5. RELEASE. The undersigned, for himself, his heirs, personal
representatives, successors and assigns, does hereby release, acquit, discharge
and covenant not to xxx the Surviving Corporation, its officers, directors,
agents, attorneys, employees, successors and assigns, with respect to all past,
present and future claims, expenses, losses, liabilities and obligations of any
nature whatsoever, whether accrued or contingent, known or unknown, whether
sounding in contract, tort or otherwise, based in whole or in any material part
upon facts and circumstances in existence as of the Closing Date including, but
not limited to, the actions taken by the Company in connection with the
Reorganization Agreement, provided that the foregoing shall not apply to or
release any claim for indemnification that the undersigned may have for any
breach of representation or warranty by the Parent under the Reorganization
Agreement.
6. NOTICES
(a) All notices, instructions and other communications
required or permitted to be given hereunder shall be given in writing and shall
be deemed to have been duly given if delivered personally, given by prepaid
telegram, sent by overnight courier or mailed first-class, postage prepaid,
registered or certified mail, to the Company, the Surviving Corporation or the
Shareholder's Agent to the address set forth below or if to the undersigned, to
the address set forth on the signature page hereto.
If to Shareholder's Agent, Parent or the Surviving Corporation, to:
Xxxxx X. XxXxxxx
000 Xxxxx Xxxxxx Xxx Xxxx #000-X-000
Xxxxxxx, Xxxxx 00000
(b) Any party to this Agreement may change the address to
which such communications are to be directed to it by giving written notice to
the other parties hereto in the manner provided in this paragraph.
7. GOVERNING LAW. This Agreement shall be governed by and construed
and enforced in accordance with the internal laws of the state of Texas without
giving effect to any choice of law or conflict provision or rule (whether of the
state of Texas or any other jurisdiction) that would cause the application of
the laws of any jurisdiction other than the state of Texas.
8. TERM. This Agreement shall be irrevocable and coupled with an
interest and shall be effective from the date first above written until the
final distribution of the Merger Shares in accordance with the terms of this
Agreement and the Reorganization Agreement.
9. SUCCESSOR. This Agreement shall be binding on all heirs, legal
representatives, successors and assigns of the undersigned.
10. SEVERABILITY. If any provision of this Agreement shall be held to
be illegal, invalid or unenforceable under any applicable law, then such
contravention or invalidity shall not invalidate the entire Agreement.

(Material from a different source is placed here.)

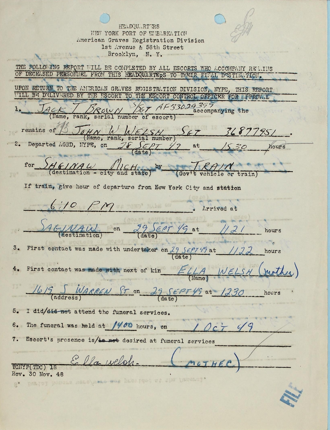 Receipt of Remains. Sgt Welsh's escort was SSgt Jack W Brown, United States Air Force. His signature appears in first document at the time he began his duties as escort. Details of his total time of travel and assistance with Sgt Welsh's remains are in the two handwritten pages. He began the afternoon of 28 September 1949 at the American Graves Registration Division at Brooklyn. His duties concluded the morning of 3 October 1949 back at Brooklyn. |
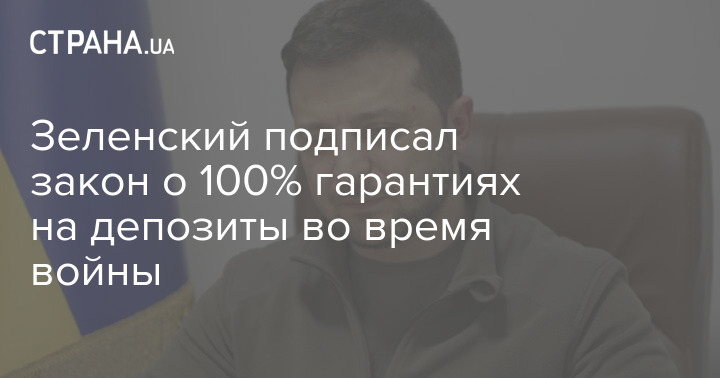 Президент Украины Владимир Зеленский подписал закон о 100% гарантиях государства на депозиты населения в банках на время действия военного положения. Затем сумма возмещения составит 600 тысяч гривен вместо нынешних 200 тысяч.

Such
provision shall be deemed to be modified to the extent necessary to render it
legal, valid and enforceable, and if no such modification shall render it legal,
valid and enforceable, then this Agreement shall be construed as if not
containing the provision held to be invalid, and the rights and obligations of
the parties shall be construed and enforced accordingly.
11. COUNTERPARTS. This Agreement may be executed in one or more
counterparts, each of which shall be deemed an original but all of which shall
be deemed to be one and the same instrument.
IN WITNESS WHEREOF, the undersigned has executed this Agreement or
caused the same to be executed as of the day, month and year first above
written.
Dated: December ____, 1998
Shareholder Address __________________________
(Signature)
----------------------------- --------------------------
(Signature if held jointly)
Please date this Agreement, sign your name exactly as it appears hereon and mail
promptly in the enclosed envelope. Where thee is more than one owner, each
should sign. When signing as an attorney. administrator, executor, guardian or
trustee, please add your title as such. If executed by a corporation, the proxy
should be signed by a duly authorized officer. If executed by a partnership,
please sign in the partnership name by an authorized person.